WHAT THIS TASK INVOLVES: The line with "2021 Acte de décès (Paris 16ème, France)", the line with "Man rides mechanical", and all lines between them in the material below: return these exactly, and no others.

PROVIDED INFORMATION:
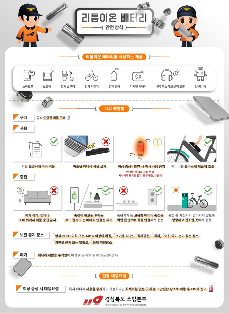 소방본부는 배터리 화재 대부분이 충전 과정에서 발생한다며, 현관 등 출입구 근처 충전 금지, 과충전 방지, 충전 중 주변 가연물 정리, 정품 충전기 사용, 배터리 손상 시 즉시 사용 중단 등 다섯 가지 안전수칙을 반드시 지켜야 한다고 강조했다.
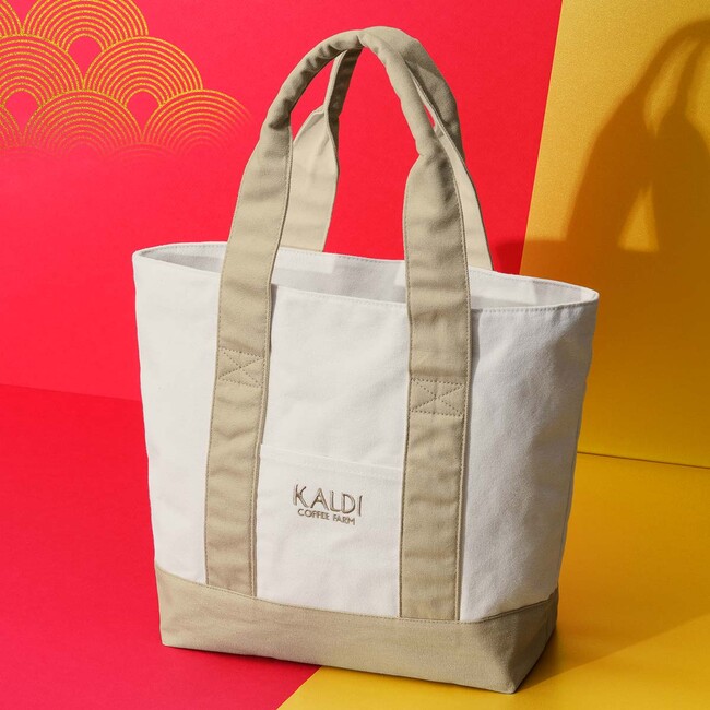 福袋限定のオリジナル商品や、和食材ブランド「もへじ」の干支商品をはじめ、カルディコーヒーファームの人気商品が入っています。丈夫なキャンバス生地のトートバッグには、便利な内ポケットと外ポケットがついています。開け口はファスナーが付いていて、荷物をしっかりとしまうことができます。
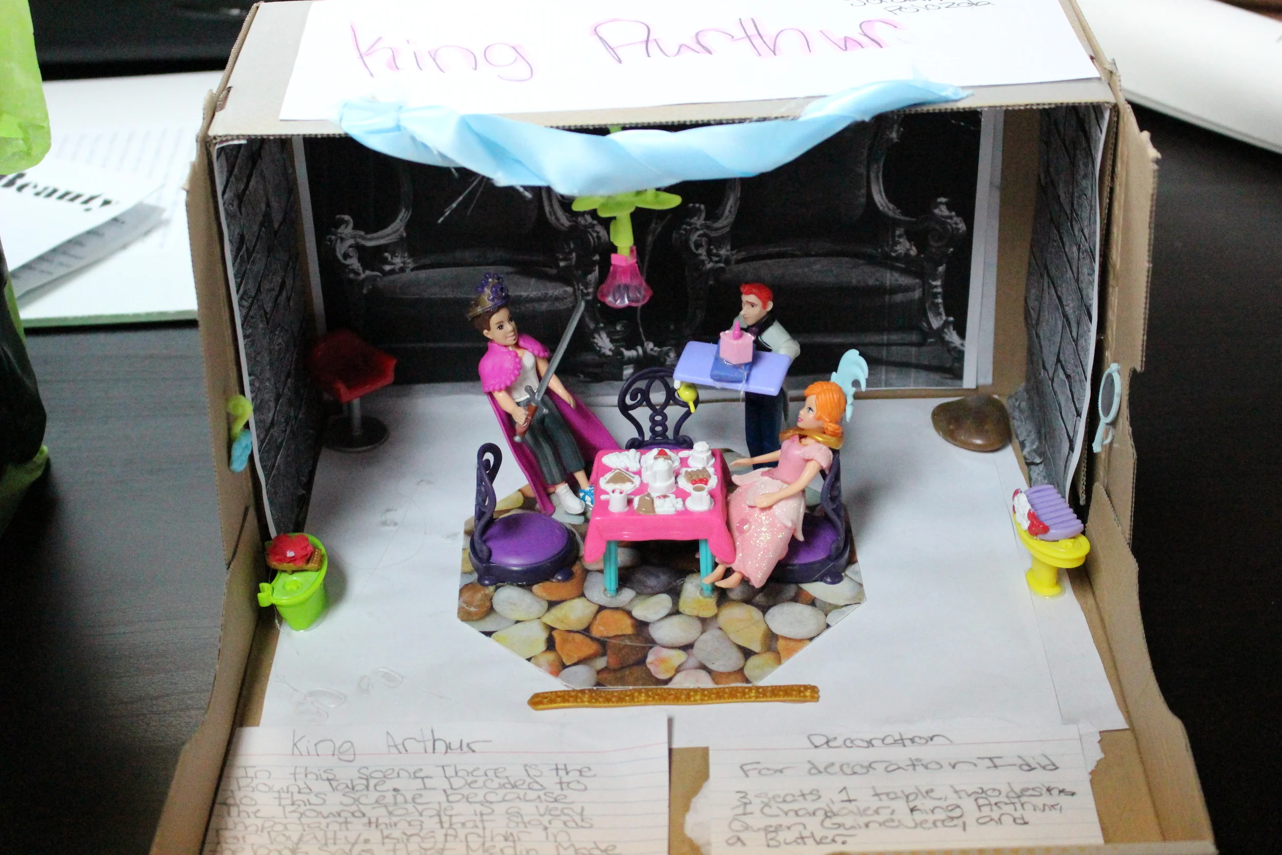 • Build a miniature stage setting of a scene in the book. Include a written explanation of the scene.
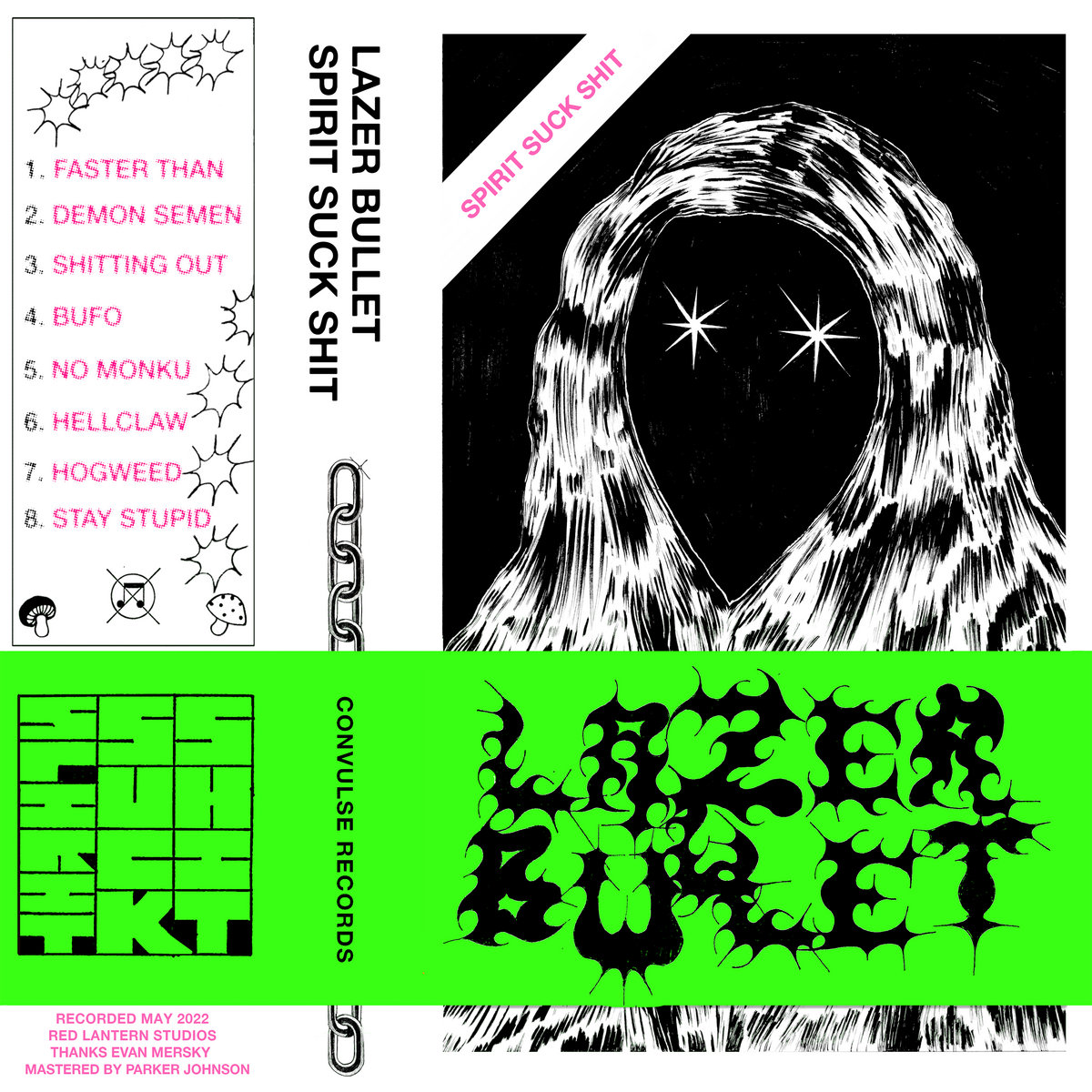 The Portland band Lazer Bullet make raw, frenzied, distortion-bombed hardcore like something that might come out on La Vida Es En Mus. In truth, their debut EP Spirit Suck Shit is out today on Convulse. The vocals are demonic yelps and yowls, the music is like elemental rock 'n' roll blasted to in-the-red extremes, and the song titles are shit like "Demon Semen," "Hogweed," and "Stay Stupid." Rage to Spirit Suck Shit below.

---

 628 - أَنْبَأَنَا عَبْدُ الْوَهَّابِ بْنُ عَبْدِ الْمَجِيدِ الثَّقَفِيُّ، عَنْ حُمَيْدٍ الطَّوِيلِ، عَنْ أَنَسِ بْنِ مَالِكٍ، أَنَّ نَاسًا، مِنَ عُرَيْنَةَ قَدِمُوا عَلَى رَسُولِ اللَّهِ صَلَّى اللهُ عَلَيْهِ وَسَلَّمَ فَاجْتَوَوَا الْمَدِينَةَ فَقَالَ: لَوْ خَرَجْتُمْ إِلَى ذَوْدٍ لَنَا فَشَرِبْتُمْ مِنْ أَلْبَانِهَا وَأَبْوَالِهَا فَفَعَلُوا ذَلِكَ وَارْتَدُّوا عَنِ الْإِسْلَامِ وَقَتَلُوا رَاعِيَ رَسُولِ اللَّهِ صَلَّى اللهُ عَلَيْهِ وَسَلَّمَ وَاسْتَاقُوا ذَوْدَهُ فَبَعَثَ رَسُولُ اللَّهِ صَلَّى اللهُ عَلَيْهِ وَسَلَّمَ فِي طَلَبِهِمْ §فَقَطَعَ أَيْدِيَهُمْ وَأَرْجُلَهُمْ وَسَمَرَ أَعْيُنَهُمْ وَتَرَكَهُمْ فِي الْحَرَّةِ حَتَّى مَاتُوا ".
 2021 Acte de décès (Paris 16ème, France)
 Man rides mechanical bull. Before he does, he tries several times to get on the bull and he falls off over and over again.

--

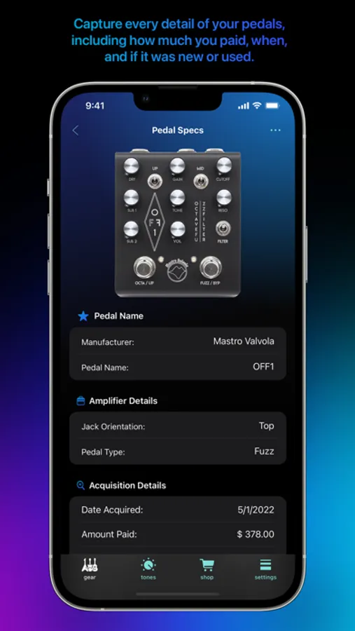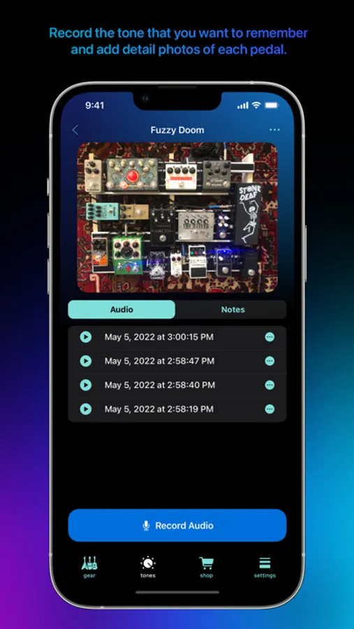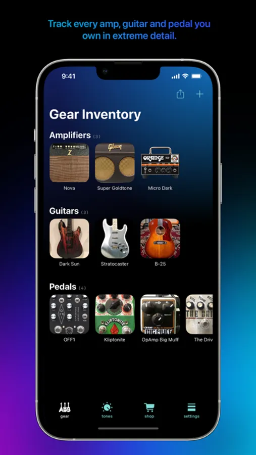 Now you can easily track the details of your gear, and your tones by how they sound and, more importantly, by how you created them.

EXERCISE ANSWER:
 2021 Acte de décès (Paris 16ème, France)
 Man rides mechanical bull. Before he does, he tries several times to get on the bull and he falls off over and over again.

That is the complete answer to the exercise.